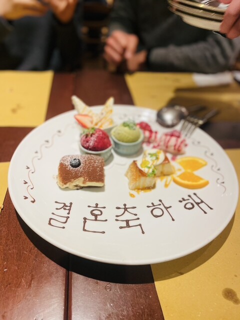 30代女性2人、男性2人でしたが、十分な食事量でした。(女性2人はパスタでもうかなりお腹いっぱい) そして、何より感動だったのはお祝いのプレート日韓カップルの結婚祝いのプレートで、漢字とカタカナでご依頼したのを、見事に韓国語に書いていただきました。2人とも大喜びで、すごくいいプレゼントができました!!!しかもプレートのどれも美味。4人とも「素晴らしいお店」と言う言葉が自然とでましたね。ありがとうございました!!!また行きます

--

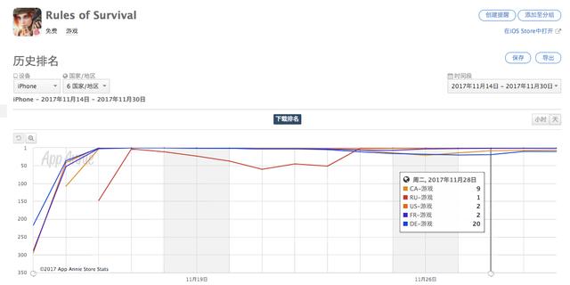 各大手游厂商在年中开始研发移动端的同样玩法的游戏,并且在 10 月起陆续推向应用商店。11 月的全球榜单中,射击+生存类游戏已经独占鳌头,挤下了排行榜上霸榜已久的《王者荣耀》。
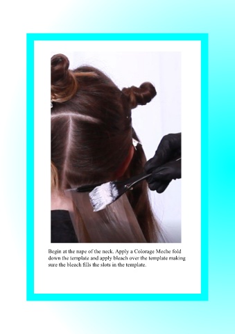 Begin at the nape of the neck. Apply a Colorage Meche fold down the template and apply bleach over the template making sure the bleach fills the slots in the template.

**EXERCISE INSTRUCTIONS**
Look above for the line containing "各大手游厂商在年中开始研发移动端的同样玩法的游戏,并且在 10 月起陆续推向应用商店。11", then copy exactly from it through the line containing "Begin at the", keeping both and leaving out pictures. Add nothing else.

**ANSWER TO THIS PROBLEM**
 各大手游厂商在年中开始研发移动端的同样玩法的游戏,并且在 10 月起陆续推向应用商店。11 月的全球榜单中,射击+生存类游戏已经独占鳌头,挤下了排行榜上霸榜已久的《王者荣耀》。
 Begin at the nape of the neck. Apply a Colorage Meche fold down the template and apply bleach over the template making sure the bleach fills the slots in the template.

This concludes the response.